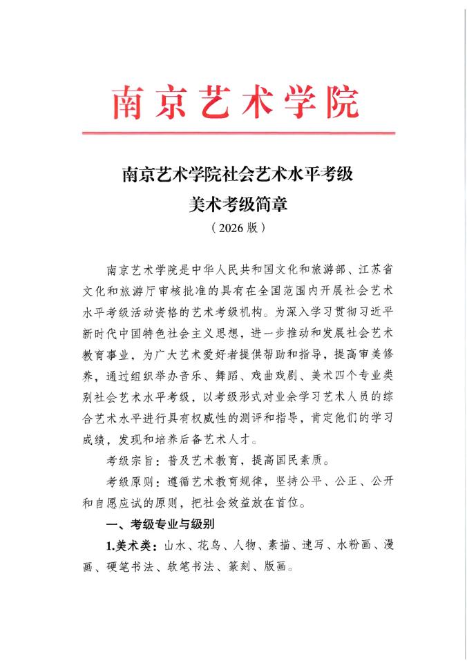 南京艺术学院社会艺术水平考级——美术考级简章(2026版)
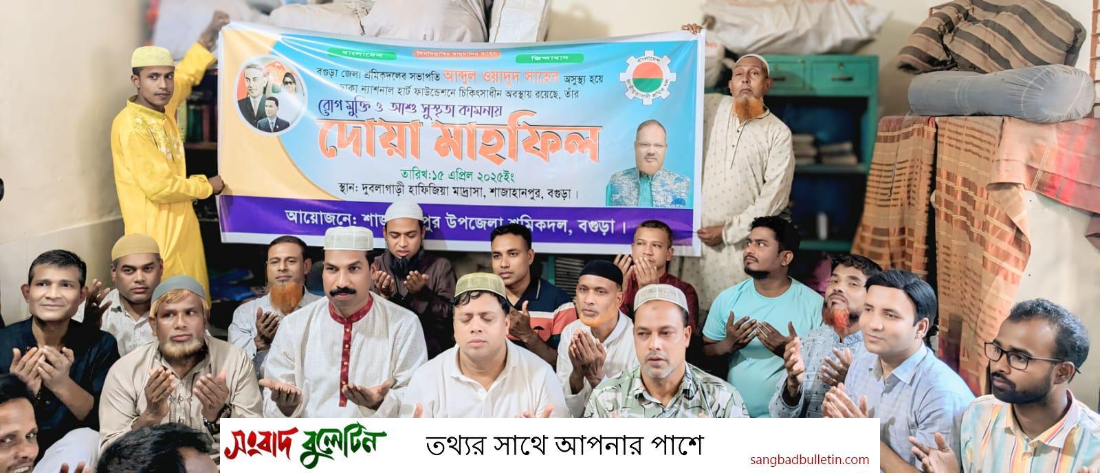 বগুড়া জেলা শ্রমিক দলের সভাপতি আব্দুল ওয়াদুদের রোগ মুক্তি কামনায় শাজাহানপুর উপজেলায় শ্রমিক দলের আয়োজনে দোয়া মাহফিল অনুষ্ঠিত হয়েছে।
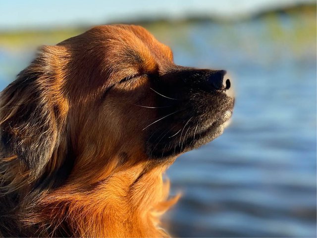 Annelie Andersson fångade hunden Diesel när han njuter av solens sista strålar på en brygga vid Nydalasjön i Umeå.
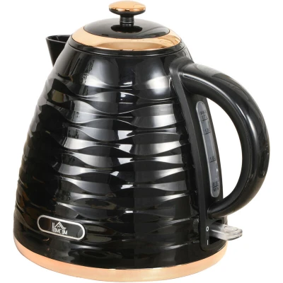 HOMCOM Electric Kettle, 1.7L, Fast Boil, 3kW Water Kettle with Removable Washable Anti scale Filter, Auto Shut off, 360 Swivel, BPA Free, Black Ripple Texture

### What needs to be done
Write out exactly the opening lines of the data, stopping after the line that holds "বগুড়া জেলা শ্রমিক". Exclude pictures.

### Answer to this task
 南京艺术学院社会艺术水平考级——美术考级简章(2026版)
 বগুড়া জেলা শ্রমিক দলের সভাপতি আব্দুল ওয়াদুদের রোগ মুক্তি কামনায় শাজাহানপুর উপজেলায় শ্রমিক দলের আয়োজনে দোয়া মাহফিল অনুষ্ঠিত হয়েছে।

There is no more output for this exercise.